About this exercise: Copy out the data that comes next, character for character, and leave the images aside.

Stored data:
:::::

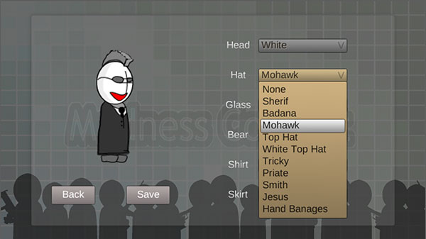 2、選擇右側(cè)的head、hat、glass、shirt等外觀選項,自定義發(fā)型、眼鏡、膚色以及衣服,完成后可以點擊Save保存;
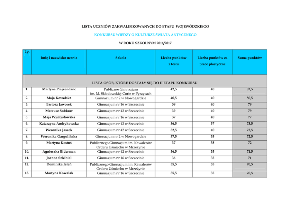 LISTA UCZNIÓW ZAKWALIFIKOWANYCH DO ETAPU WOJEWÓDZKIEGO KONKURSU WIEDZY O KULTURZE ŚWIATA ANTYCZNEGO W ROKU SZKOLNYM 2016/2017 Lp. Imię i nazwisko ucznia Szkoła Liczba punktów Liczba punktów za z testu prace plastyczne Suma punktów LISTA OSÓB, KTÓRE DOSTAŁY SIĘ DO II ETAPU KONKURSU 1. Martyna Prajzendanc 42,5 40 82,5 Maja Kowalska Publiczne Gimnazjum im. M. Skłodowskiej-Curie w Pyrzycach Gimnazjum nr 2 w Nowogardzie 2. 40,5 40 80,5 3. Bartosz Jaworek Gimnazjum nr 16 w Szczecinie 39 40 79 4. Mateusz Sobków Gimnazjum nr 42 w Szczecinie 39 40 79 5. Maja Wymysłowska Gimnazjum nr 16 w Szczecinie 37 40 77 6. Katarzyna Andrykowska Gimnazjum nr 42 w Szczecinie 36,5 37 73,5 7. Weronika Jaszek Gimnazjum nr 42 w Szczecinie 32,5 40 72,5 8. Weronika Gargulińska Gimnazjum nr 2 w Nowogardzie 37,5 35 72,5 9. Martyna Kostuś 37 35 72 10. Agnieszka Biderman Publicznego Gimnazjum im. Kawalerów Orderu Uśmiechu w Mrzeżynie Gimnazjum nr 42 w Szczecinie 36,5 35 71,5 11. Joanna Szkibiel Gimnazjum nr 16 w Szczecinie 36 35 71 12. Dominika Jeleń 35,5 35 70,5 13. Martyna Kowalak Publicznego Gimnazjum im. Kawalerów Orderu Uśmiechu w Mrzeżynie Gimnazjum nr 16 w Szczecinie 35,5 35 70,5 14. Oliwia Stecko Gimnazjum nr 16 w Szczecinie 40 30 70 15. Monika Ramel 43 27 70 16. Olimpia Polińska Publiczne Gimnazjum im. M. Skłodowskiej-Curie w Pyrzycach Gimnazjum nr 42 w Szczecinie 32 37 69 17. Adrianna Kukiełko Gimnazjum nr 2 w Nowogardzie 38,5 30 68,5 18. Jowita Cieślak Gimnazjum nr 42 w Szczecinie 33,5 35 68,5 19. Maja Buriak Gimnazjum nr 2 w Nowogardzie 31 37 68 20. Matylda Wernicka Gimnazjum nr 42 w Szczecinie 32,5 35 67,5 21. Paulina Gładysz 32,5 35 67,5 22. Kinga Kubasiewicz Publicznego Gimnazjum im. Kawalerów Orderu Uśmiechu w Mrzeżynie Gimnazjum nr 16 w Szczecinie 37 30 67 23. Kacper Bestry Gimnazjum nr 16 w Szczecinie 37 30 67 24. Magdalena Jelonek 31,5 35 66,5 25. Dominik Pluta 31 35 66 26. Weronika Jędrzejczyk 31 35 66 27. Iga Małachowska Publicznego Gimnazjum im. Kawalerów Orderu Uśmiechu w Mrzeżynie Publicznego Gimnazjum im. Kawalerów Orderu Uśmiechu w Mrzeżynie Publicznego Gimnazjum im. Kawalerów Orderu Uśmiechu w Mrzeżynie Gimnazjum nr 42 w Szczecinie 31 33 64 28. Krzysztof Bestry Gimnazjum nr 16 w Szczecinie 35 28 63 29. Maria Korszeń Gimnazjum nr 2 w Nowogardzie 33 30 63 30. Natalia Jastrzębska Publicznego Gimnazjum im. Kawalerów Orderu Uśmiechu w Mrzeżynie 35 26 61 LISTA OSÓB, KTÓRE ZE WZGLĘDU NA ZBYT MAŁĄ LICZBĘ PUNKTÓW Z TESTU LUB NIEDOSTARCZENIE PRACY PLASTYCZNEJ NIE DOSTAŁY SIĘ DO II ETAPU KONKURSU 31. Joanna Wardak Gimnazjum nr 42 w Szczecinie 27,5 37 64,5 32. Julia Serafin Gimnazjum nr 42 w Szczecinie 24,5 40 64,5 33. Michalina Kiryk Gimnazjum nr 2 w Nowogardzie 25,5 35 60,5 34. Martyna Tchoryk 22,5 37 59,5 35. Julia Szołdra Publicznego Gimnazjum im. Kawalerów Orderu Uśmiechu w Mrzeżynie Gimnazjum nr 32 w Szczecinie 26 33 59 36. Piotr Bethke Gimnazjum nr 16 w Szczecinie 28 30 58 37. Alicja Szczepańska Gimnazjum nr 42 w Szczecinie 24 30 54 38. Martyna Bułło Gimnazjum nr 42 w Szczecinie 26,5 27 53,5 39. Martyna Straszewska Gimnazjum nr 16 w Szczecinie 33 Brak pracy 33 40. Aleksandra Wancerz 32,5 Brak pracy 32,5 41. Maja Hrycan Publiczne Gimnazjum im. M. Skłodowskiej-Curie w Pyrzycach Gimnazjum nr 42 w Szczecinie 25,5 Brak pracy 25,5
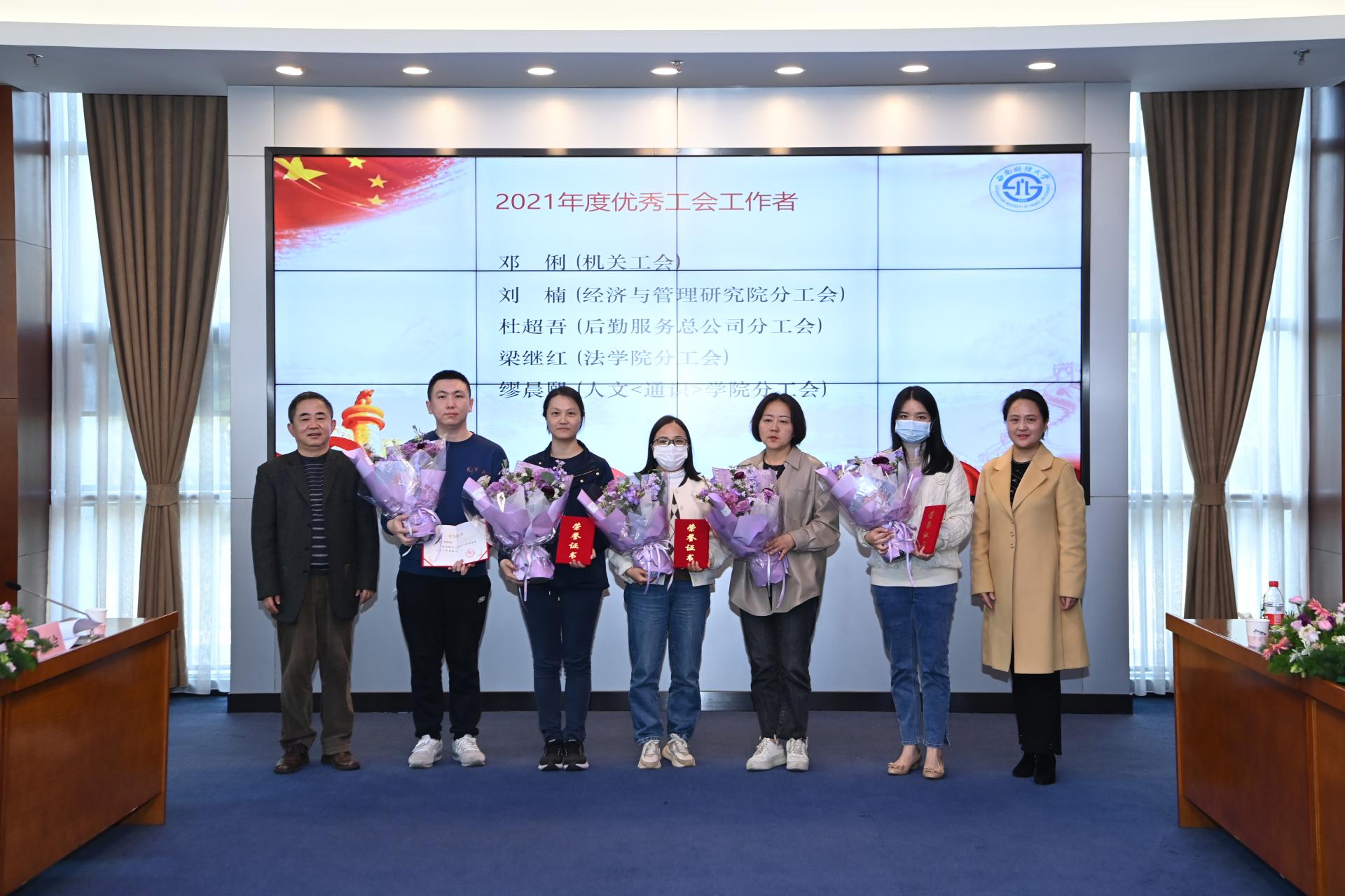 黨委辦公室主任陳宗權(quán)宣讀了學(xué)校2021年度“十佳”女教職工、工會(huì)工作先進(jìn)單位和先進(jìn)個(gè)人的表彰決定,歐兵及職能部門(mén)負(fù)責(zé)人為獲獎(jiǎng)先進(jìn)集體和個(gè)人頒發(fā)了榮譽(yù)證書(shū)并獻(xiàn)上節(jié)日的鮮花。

:::::

Result for this exercise:
 2、選擇右側(cè)的head、hat、glass、shirt等外觀選項,自定義發(fā)型、眼鏡、膚色以及衣服,完成后可以點擊Save保存;
 LISTA UCZNIÓW ZAKWALIFIKOWANYCH DO ETAPU WOJEWÓDZKIEGO KONKURSU WIEDZY O KULTURZE ŚWIATA ANTYCZNEGO W ROKU SZKOLNYM 2016/2017 Lp. Imię i nazwisko ucznia Szkoła Liczba punktów Liczba punktów za z testu prace plastyczne Suma punktów LISTA OSÓB, KTÓRE DOSTAŁY SIĘ DO II ETAPU KONKURSU 1. Martyna Prajzendanc 42,5 40 82,5 Maja Kowalska Publiczne Gimnazjum im. M. Skłodowskiej-Curie w Pyrzycach Gimnazjum nr 2 w Nowogardzie 2. 40,5 40 80,5 3. Bartosz Jaworek Gimnazjum nr 16 w Szczecinie 39 40 79 4. Mateusz Sobków Gimnazjum nr 42 w Szczecinie 39 40 79 5. Maja Wymysłowska Gimnazjum nr 16 w Szczecinie 37 40 77 6. Katarzyna Andrykowska Gimnazjum nr 42 w Szczecinie 36,5 37 73,5 7. Weronika Jaszek Gimnazjum nr 42 w Szczecinie 32,5 40 72,5 8. Weronika Gargulińska Gimnazjum nr 2 w Nowogardzie 37,5 35 72,5 9. Martyna Kostuś 37 35 72 10. Agnieszka Biderman Publicznego Gimnazjum im. Kawalerów Orderu Uśmiechu w Mrzeżynie Gimnazjum nr 42 w Szczecinie 36,5 35 71,5 11. Joanna Szkibiel Gimnazjum nr 16 w Szczecinie 36 35 71 12. Dominika Jeleń 35,5 35 70,5 13. Martyna Kowalak Publicznego Gimnazjum im. Kawalerów Orderu Uśmiechu w Mrzeżynie Gimnazjum nr 16 w Szczecinie 35,5 35 70,5 14. Oliwia Stecko Gimnazjum nr 16 w Szczecinie 40 30 70 15. Monika Ramel 43 27 70 16. Olimpia Polińska Publiczne Gimnazjum im. M. Skłodowskiej-Curie w Pyrzycach Gimnazjum nr 42 w Szczecinie 32 37 69 17. Adrianna Kukiełko Gimnazjum nr 2 w Nowogardzie 38,5 30 68,5 18. Jowita Cieślak Gimnazjum nr 42 w Szczecinie 33,5 35 68,5 19. Maja Buriak Gimnazjum nr 2 w Nowogardzie 31 37 68 20. Matylda Wernicka Gimnazjum nr 42 w Szczecinie 32,5 35 67,5 21. Paulina Gładysz 32,5 35 67,5 22. Kinga Kubasiewicz Publicznego Gimnazjum im. Kawalerów Orderu Uśmiechu w Mrzeżynie Gimnazjum nr 16 w Szczecinie 37 30 67 23. Kacper Bestry Gimnazjum nr 16 w Szczecinie 37 30 67 24. Magdalena Jelonek 31,5 35 66,5 25. Dominik Pluta 31 35 66 26. Weronika Jędrzejczyk 31 35 66 27. Iga Małachowska Publicznego Gimnazjum im. Kawalerów Orderu Uśmiechu w Mrzeżynie Publicznego Gimnazjum im. Kawalerów Orderu Uśmiechu w Mrzeżynie Publicznego Gimnazjum im. Kawalerów Orderu Uśmiechu w Mrzeżynie Gimnazjum nr 42 w Szczecinie 31 33 64 28. Krzysztof Bestry Gimnazjum nr 16 w Szczecinie 35 28 63 29. Maria Korszeń Gimnazjum nr 2 w Nowogardzie 33 30 63 30. Natalia Jastrzębska Publicznego Gimnazjum im. Kawalerów Orderu Uśmiechu w Mrzeżynie 35 26 61 LISTA OSÓB, KTÓRE ZE WZGLĘDU NA ZBYT MAŁĄ LICZBĘ PUNKTÓW Z TESTU LUB NIEDOSTARCZENIE PRACY PLASTYCZNEJ NIE DOSTAŁY SIĘ DO II ETAPU KONKURSU 31. Joanna Wardak Gimnazjum nr 42 w Szczecinie 27,5 37 64,5 32. Julia Serafin Gimnazjum nr 42 w Szczecinie 24,5 40 64,5 33. Michalina Kiryk Gimnazjum nr 2 w Nowogardzie 25,5 35 60,5 34. Martyna Tchoryk 22,5 37 59,5 35. Julia Szołdra Publicznego Gimnazjum im. Kawalerów Orderu Uśmiechu w Mrzeżynie Gimnazjum nr 32 w Szczecinie 26 33 59 36. Piotr Bethke Gimnazjum nr 16 w Szczecinie 28 30 58 37. Alicja Szczepańska Gimnazjum nr 42 w Szczecinie 24 30 54 38. Martyna Bułło Gimnazjum nr 42 w Szczecinie 26,5 27 53,5 39. Martyna Straszewska Gimnazjum nr 16 w Szczecinie 33 Brak pracy 33 40. Aleksandra Wancerz 32,5 Brak pracy 32,5 41. Maja Hrycan Publiczne Gimnazjum im. M. Skłodowskiej-Curie w Pyrzycach Gimnazjum nr 42 w Szczecinie 25,5 Brak pracy 25,5
 黨委辦公室主任陳宗權(quán)宣讀了學(xué)校2021年度“十佳”女教職工、工會(huì)工作先進(jìn)單位和先進(jìn)個(gè)人的表彰決定,歐兵及職能部門(mén)負(fù)責(zé)人為獲獎(jiǎng)先進(jìn)集體和個(gè)人頒發(fā)了榮譽(yù)證書(shū)并獻(xiàn)上節(jié)日的鮮花。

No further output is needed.